In the special-regime block, one was allowed to write one letter a month. You would polish it and polish it—and still they would find “prohibited information,” “coded language in the text,” or simply—the letter was “suspicious in content.” And they would confiscate it. Or they would send the letter to Kyiv for translation, and then decide whether to send it on. They would suggest: “Write in Russian—it will get there faster.” But how can one write to one’s wife, mother, or child in a foreign language?
One could receive letters from anyone, but in reality, they only gave us some letters from relatives. In the final weeks of his life, Vasyl received a telegram from his wife about the birth of their grandson, Yaroslav (May 18, 1985). Major Snyadovsky summoned Stus to his office, congratulated him, and read a part of the telegram, but did not hand it over: prohibited information. This greatly angered Stus.

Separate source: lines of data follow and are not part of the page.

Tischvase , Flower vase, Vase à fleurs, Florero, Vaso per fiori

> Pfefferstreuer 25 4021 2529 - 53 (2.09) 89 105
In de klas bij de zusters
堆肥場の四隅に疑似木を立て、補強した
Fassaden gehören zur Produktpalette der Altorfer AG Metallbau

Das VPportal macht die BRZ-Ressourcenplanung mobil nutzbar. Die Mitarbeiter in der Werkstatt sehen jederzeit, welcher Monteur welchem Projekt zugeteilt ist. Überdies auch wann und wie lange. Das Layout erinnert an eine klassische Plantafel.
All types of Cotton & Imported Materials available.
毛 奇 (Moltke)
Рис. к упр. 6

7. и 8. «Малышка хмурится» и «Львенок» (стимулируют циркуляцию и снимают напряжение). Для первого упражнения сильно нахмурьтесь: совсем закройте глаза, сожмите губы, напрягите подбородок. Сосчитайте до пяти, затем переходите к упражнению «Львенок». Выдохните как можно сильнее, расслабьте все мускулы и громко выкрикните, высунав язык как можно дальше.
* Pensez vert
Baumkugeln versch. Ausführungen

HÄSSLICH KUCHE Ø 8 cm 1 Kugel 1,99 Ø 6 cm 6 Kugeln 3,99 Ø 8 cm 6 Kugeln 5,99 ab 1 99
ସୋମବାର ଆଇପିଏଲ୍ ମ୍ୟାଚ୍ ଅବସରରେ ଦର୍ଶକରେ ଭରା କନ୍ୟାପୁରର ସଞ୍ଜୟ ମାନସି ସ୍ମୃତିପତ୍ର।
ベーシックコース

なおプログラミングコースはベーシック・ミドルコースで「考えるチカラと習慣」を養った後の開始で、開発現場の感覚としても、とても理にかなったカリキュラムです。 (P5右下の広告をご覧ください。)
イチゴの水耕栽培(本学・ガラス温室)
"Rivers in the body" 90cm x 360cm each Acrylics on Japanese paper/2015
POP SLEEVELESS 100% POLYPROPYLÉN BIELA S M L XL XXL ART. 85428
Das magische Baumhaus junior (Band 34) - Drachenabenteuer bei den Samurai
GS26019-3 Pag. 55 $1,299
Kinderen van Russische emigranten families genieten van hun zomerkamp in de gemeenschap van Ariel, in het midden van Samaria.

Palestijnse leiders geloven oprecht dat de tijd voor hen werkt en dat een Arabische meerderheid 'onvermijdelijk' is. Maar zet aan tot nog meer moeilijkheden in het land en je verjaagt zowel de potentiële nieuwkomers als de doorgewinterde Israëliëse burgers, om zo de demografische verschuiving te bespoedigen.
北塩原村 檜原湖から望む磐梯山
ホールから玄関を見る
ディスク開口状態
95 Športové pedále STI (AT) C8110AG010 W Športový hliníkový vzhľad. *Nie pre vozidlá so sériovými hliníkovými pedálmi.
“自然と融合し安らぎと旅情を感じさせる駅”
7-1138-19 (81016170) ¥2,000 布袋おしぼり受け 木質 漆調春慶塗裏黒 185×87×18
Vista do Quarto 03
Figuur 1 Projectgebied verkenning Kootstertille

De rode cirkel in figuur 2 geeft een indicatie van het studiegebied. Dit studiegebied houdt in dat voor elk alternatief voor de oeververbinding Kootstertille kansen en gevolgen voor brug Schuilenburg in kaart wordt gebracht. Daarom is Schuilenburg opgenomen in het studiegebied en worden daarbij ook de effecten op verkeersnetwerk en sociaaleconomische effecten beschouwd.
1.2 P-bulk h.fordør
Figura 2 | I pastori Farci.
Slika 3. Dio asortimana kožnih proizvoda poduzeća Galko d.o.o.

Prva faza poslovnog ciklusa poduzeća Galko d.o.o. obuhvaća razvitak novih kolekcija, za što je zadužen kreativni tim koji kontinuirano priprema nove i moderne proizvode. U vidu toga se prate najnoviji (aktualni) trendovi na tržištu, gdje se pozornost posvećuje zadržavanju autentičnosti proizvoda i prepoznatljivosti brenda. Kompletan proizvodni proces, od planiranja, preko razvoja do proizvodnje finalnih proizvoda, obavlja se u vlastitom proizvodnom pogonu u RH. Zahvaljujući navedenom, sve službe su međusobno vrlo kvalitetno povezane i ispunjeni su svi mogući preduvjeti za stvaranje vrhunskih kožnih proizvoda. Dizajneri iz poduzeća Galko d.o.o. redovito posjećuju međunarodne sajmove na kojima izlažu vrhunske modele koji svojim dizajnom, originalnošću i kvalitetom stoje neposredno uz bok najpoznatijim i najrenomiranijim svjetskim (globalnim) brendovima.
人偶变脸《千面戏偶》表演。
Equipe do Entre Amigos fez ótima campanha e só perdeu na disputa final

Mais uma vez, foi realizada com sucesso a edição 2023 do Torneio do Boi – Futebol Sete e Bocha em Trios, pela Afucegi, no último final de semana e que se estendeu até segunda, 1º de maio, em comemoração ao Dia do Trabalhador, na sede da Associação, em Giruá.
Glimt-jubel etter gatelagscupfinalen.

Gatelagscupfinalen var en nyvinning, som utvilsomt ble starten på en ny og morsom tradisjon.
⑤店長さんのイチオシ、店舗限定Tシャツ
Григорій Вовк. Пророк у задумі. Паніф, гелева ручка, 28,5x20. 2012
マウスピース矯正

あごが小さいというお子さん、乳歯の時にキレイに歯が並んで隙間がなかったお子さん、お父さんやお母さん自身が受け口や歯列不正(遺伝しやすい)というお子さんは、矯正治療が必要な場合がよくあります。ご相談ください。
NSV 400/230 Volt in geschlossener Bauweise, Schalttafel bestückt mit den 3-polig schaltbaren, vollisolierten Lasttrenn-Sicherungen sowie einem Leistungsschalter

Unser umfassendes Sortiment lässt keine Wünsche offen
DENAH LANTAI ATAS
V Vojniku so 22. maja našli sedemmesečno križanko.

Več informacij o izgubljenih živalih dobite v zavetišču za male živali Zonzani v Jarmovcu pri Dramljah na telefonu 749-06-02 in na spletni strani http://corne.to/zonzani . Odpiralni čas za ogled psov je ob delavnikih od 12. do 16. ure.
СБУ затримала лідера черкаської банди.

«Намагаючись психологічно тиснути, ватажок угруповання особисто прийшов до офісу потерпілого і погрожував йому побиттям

Searches. They were conducted two or three times a month, but there were periods when a prisoner could be searched several times a day—just to humiliate him. One was allowed to keep 5 books, brochures, and journals, combined, in the cell. The rest—out to the storage room.
And everyone subscribes to journals and newspapers, and tries to work on something, even if it’s just learning a foreign language. For that you already need a dictionary and a textbook. But the regime is relentless: excess books are thrown out into the corridor.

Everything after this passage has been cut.